Post-mortem'ing my earliest ML research paper, 7 years later

Written quickly for the Inkhaven Residency.

One of the things I like most about LessWrong yearly reviews is that they occur a full year after: for example, the reviews for posts written in 2019 happen at the end of 2020; we just reviewed the posts for 2024. As the LessWrong team writes:

LessWrong has the goal of making intellectual progress on important problems. To make progress, you gotta examine your community’s outputs not only when they’re first published, but also once enough time has passed to see whether they continued to provide value after initial hype fades and flaws have had time to surface.

In contrast, most of the research post-mortems I’ve seen happen right after the paper is completed.^[1] This means it’s easy to focus too much on its immediate reception or on specific project management and execution issues, rather than higher-level judgments that went into picking the overall research direction or general approach.

So today, I decided to do a very belated public post-mortem of my earliest published machine learning research paper “The Assistive Multi-Armed Bandit”, which studied a toy version of assistance games/Cooperative Inverse Reinforcement Learning (CIRL), where the human didn’t know what their own reward function was, but had to figure it out by experiencing it.

As this post turned out to be rather long, today I’ll start by providing the context for my paper as well as the timeline of the project, from when I first became involved to when the paper got put on Arixv. I’ve also left some thoughts on where the paper stands today. I’ll summarize and review the contents of the actual paper tomorrow.

Context

Let’s start with a brief overview of the context for the paper.

In the early to mid 2010s, one of the techniques that people expected to use for AI alignment was inverse reinforcement learning (IRL).^[2] IRL algorithms took observations of human behavior and inferred a reward function that rationalized^[3] the behavior.^[4] At the time, the most impressive AI systems were reinforcement learning models such as AlphaGo, which were too dumb to coherently predict human preferences. (Note that GPT-2 was announced in February 2019, a full month after the Assistive Bandits paper was put on Arxiv.) So a very naive sketch of an alignment strategy that people thought about was the following:^[5] We’re going to take a large database of human behavior (e.g. the internet), and then perform IRL on it to recover a reward function representing human values, and then use RL to train an AI that maximizes said reward function.^[6] Naturally, people recognized that there were many problems with this purported alignment strategy.

To address some of these problems, in 2016, Dylan Hadfield-Menell et al. published “Cooperative Inverse Reinforcement Learning”, which introduced CIRL/assistance games.^[7] In the standard CIRL setup, there’s a human and robot^[8] acting at the same time in the environment, jointly trying to optimize the human’s reward function (that was only known to the human). In contrast to the standard IRL setup, CIRL had some noticeable differences:

Instead of having a static library of human behavior, the human is actively participating in the process, e.g. by acting informatively rather than optimally.^[9]
Similarly, the robot is incentivized to take actions that would allow the human to inform the robot.
The goal wasn’t to learn the correct reward (and then learn a separate policy that optimizes it), but rather a policy that properly assisted the human.

In the summer of 2017, I started a research internship at UC Berkeley’s CHAI, where Dylan was a PhD student.

The specific problem we wanted to address during that internship was the following: in reality, people do not know their reward function, and it is very weird that CIRL assumes that a human knows their reward function and can act optimally. Instead, we wanted to study a case where the robot was interacting with a human who was themselves still learning about their own reward. For example, it can be hard to predict ahead of time if you’d like classically divisive foods such as durian, cilantro, or bell peppers, without trying them.^[10] Like with the examples of divisive food, we wanted to create and study a formalism where the human only had direct access to their reward by experiencing it themselves. This was the project that would become the Assistive Bandits paper.

Project Timeline

I first became involved in the project in June of 2017, after my CHAI internship started.

Based on my recollection, Dylan was the one who conceived of the project and suggested it to me. After I spoke with Dylan a few times, I wrote up a draft with a modified CIRL formalism where the human was learning their own reward function, and also fit a few toy examples into this formalism.

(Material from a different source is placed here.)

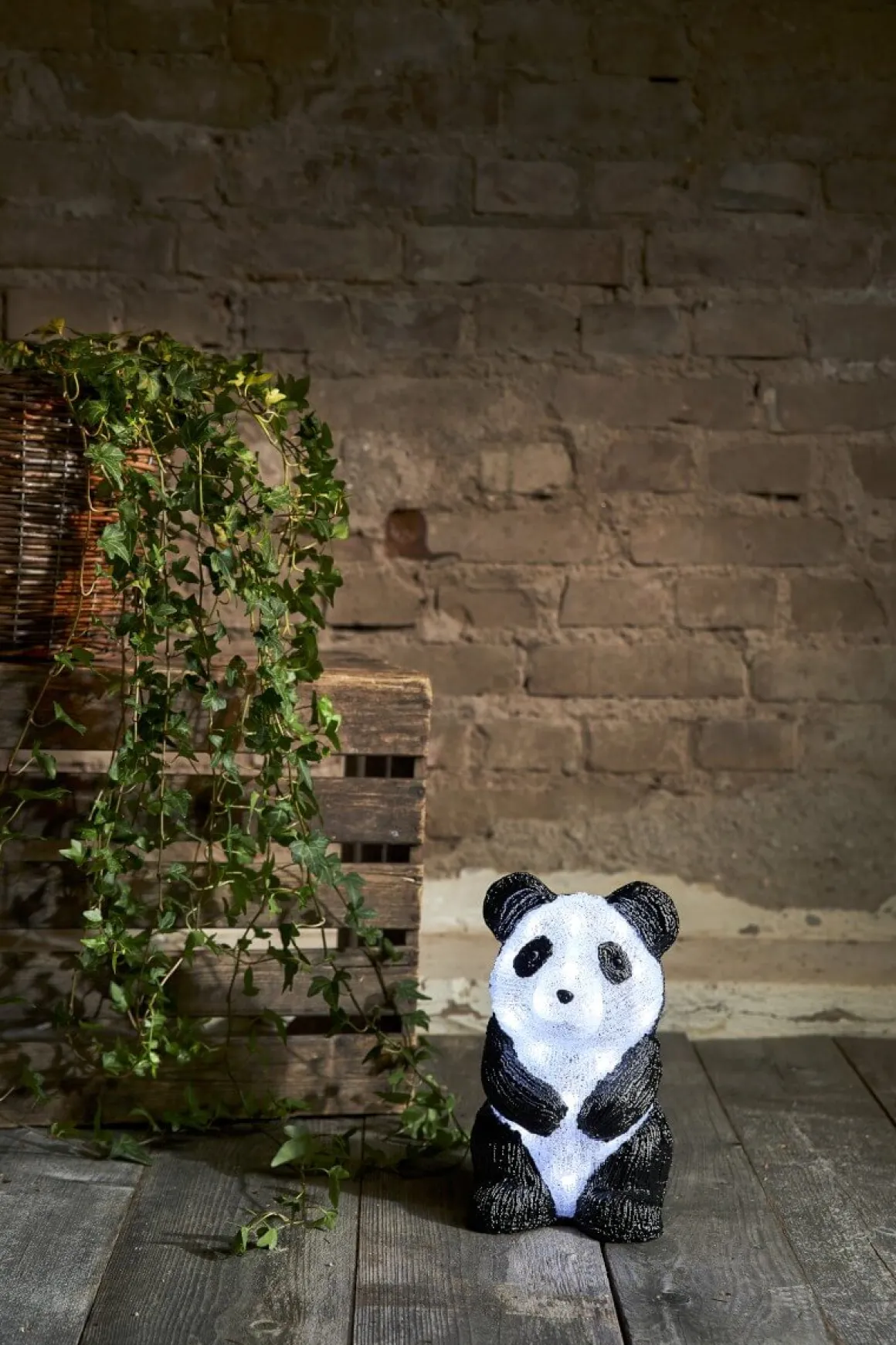Dekorationsfigur i form av en liten Panda för utomhusbruk och inomhusbruk. Läcker dekoration att ha i trädgården eller varför inte i entrén. Pandan har 20 stycken små LED-ljuskällor som ger ifrån sig ett fint och inbjudande sken.

We called it “cooperative reinforcement learning” (CRL) (since the human and the robot were cooperating to solve an RL problem). This took less than a week.

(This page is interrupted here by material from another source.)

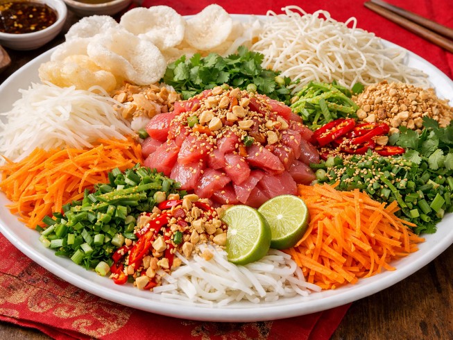 Also known as Lo Hei, this dish is traditionally served on the seventh day of Chinese New Year, which the Chinese celebrate as "everyone's birthday."

The next step of the project was to do experiments, to actually get a better feel for how the setup worked. It was pretty easy to implement a few reinforcement learning policies to simulate a human. The immediate hard part I ran into was actually figuring out how to solve the setup to find the optimal robot policy.

To understand why this was hard, first, note that from the robot’s perspective, there’s a rather lot of hidden information. While in CIRL there was a single hidden variable – the human’s reward parameters – which was generally chosen to be low dimensional, in CRL the hidden information was “the belief state of the human based on their observation history”, which was comparatively much higher dimensional. At the time, people tried to solve these problems with more traditional methods such as POMDP solvers, which tracked an explicit belief state over the hidden information and scaled very poorly with higher dimensional belief states. For CIRL, the robot’s belief state was simply a probability distribution over the human’s reward parameters, but in CRL, the robot’s belief state was a probability distribution over the human’s probability distribution over the reward parameters. So while Dylan could solve the CIRL toy examples in his paper explicitly, we’d have to take a different approach.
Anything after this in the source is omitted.